Algorithm for modifying graph with negative cycles to be able to conduct Floyd-Warshall

algorithmsgraph theory

Just putting it out there, this is a homework question but I wanted to get a second opinion on my thoughts to see if my thought process was right.

Say we have an undirected graph $G = (V,E)$. We know that Floyd-Warshall algorithm finds all shortest paths (least weight) in a graph given G does not have negative cycles.

So, suppose we have a graph that does have a negative cycle. The question asks, is there an algorithm that we can create to enable Floyd-Warshall to work on this graph?

My logic: If we have a graph with a negative cycle in it, there is a finite smallest (most-negative) weight (i.e. there is a weight of $-4$ on an edge and no edge has a weight less than $-4$). Therefore, in $O(|E|)$ time, I traverse the graph to find the smallest weight. Then, I can add the absolute value of the smallest weight to each edge. We would alter the graph by adding this smallest weight to each edge. Thus, there will not be any negative cycles as each weight should now be positive. We can now run Floyd-Warshall on our graph.

As far as my logic goes, are there any flaws that are obvious?

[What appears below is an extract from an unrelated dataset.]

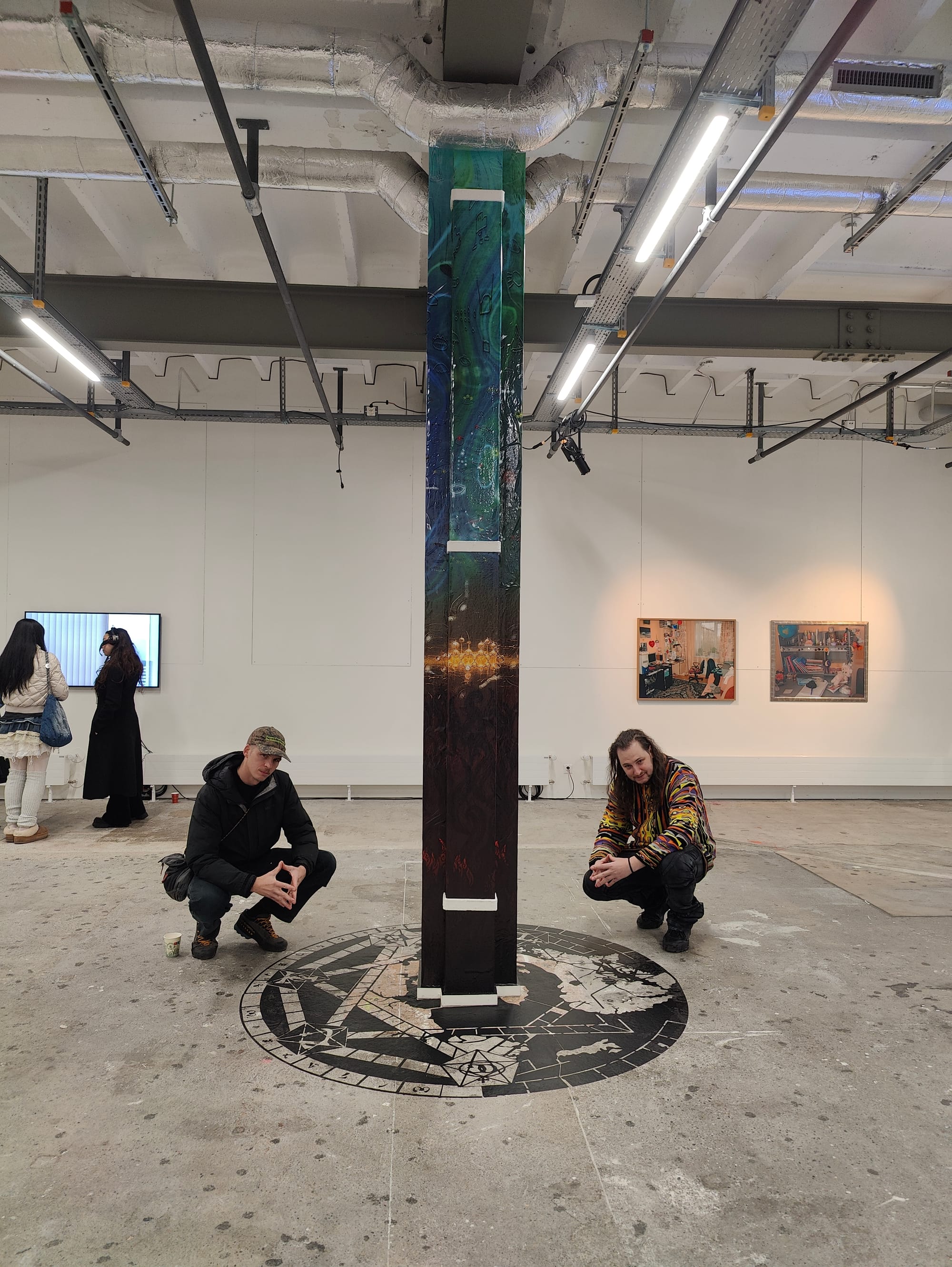 Dec 2 - Geneva, CH - The curating team, For The Win, first approached me in March and we began a series of zoom calls discussing a contribution to the second edition of the "Art, Games & Society" biennial in Geneva. The first edition in 2023 was titled The Seashore of Endless Worlds and centered around board games, card cards and modes of simulation. Geneva is part of the Swiss-French region of the country and the French phrase for board game is jeux de société, which holds a certain poetic potential for thinking about gaming as a political metaphor, à la Guy Debord. Needless to say, I was hooked. This year's edition, Side Quests For The Real, focused on LARP (Live Action Role Play) as an anchoring device for the show and invited a number of artists to craft LARP performances for the exhibition space. Over the next 7 months I researched, created, produced, cut, transported and installed a site-specific installation titled "Spooky Action At A Distance." The two floors of the exhibition space, Le Commun, were activated with magic circles and columns emanating upwards. The whole experience was challenging and fruitful. I had never created a site-specific work for a space remotely and I had never worked in a wallpaper print before. (ok the Spooky Castle install was remote, but it was an existing work that was adapted, so a little different). All-in-all, I am thrilled with how it came out. Traveling to Switzerland was a real treat. I have lot more to share from my travels soon, so look out for that, along with a full essay unlocking all the research and references from John Dee to CERN that went into my installation.

Would this be a viable solution?

Best Answer

Adding a constant to the weights of all edges does not preserve the relative order of paths.

For example, a path with edge weights $1,2,3$ is better than a path with edge weights $4,5$, since $1+2+3=6$ and $4+5=9$. But if you find an edge with weight $-10$ and add $10$ to every edge to fix this, the first path now weights $11+12+13 = 36$ and the second one only weighs $14+15 = 29$.

You might also ask what it means to even have a shortest path in a graph with negative edge cycles, given that we can find such a cycle, go around it a billion times, and then keep going.